Mrs. C is a woman of few words.  She will not communicate if something should be apparent. 

“Why should I waste my words.”

For instance, tonight after dinner I remarked about some Girl Scout cookies we had, “Lemonade” that we both really like.  I need a snack with my evening coffee, and these cookies were high on my list.

“There are only three Lemonades left, I’m having two, but I’m waring you, if you don’t take the last one, it will be toast later on tonight!”

           

Later tonight it was time to go downstairs and turn out the front light.  The front light is left on every night until 11:00 when it is my job to go downstairs and turn it off.  “Why” you ask, don’t we just turn the light off when we first go upstairs? (which we do early to watch TV)”

Don’t ask!

Anyway, as I was going downstairs, I said,

“Last chance on the Lemonade cookie, if you don’t want it, it is mine.”

        

I turned out the light and went for the cookie.  It had already been consumed.

When I returned upstairs, I lied to Mrs.

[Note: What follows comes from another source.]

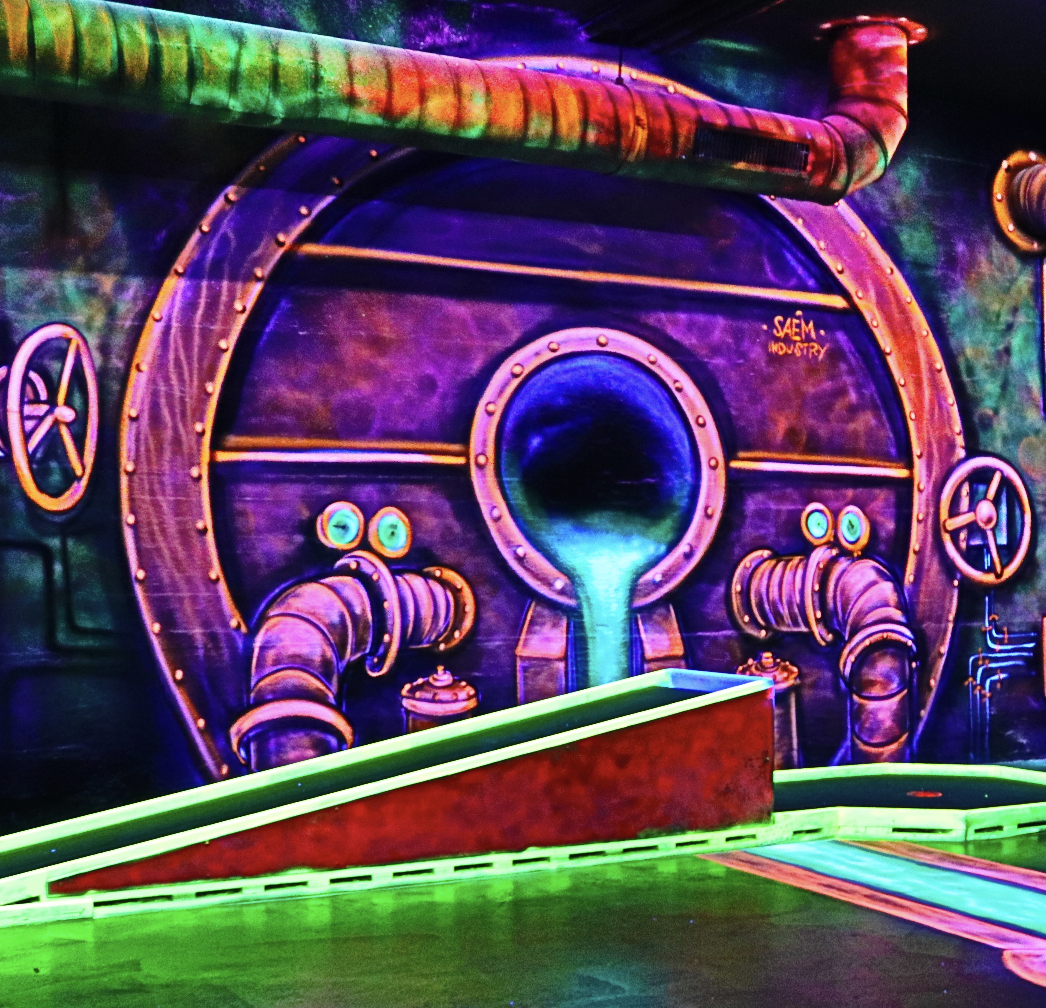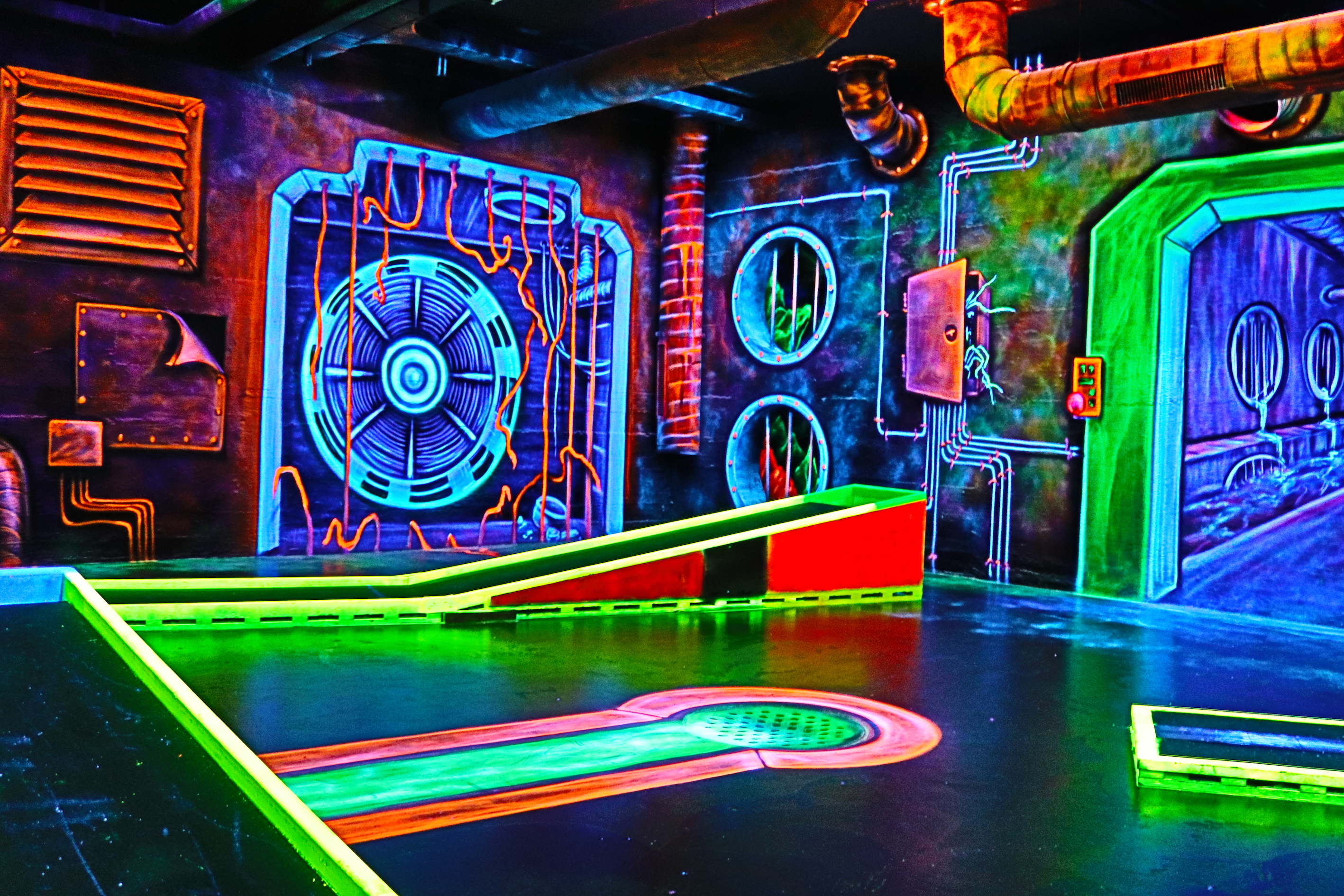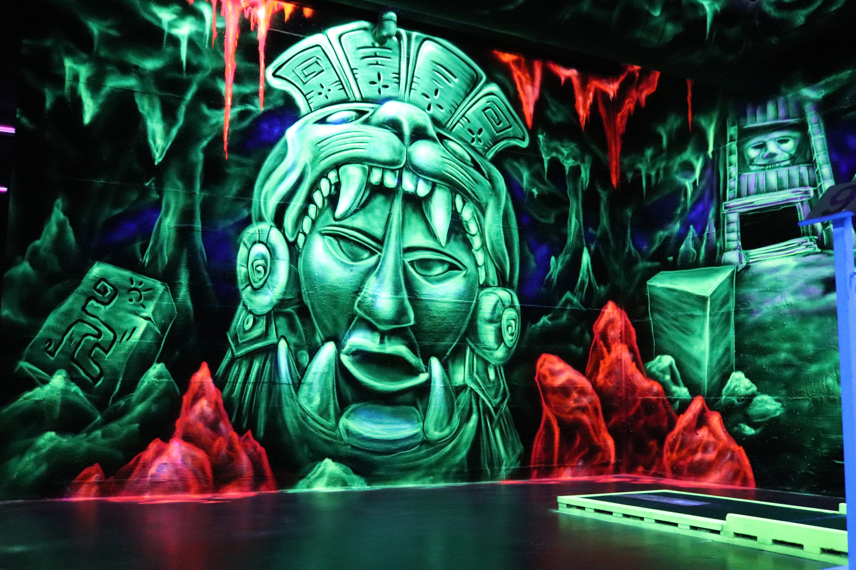Hier im Fantasy Golf mit 3-D-Schwarzlicht erwartet Euch ein neuer Freizeitspaß in ungewöhnlich-fantastischem Ambiente! Wetterunabhängig taucht Ihr ein in eine berauschende Farbenwelt und unternehmt eine aussergewöhnliche Reise in anderen Sphären. In dieser Umgebung spielt Ihr in einer rund 500 Quadratmeter großen Halle auf 18 Minigolfbahnen. Die Wände sind mit schwarzlicht-aktiven Farben und sagenhaften 3-D Motiven gestaltet worden.

C,

“I decided not to eat the last cookie, it’s yours if you want it tomorrow.”

        

“You’ve got nothing to say?”

        

“I know you ate it, it was gone!”

“So….”

“So why didn’t you tell me when I asked if you wanted it?”

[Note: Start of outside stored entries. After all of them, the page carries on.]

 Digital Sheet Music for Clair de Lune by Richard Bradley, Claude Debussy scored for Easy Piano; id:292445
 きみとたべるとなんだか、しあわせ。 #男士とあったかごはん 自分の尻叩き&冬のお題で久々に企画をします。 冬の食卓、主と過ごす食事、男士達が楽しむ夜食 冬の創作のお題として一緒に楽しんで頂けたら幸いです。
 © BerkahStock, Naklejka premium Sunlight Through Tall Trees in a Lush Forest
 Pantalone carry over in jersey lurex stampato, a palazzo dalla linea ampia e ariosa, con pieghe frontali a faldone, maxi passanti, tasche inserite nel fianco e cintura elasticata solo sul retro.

“I knew you would figure it out, why should I waste the words.”

“You do know, you are not charged by the word.  It’s not as if when you are born you are only allowed a certain number of words and then you die.  There is no reason to save your words!”

        

“I hate you!”

“You’re a jerk!”

“You just wasted three words; I know I’m a jerk!”

              

14 comments:

  1. If the cookie had been there, you could have hidden it under a towel so she would have to ask for it! Unless that towel trick only works against YOU!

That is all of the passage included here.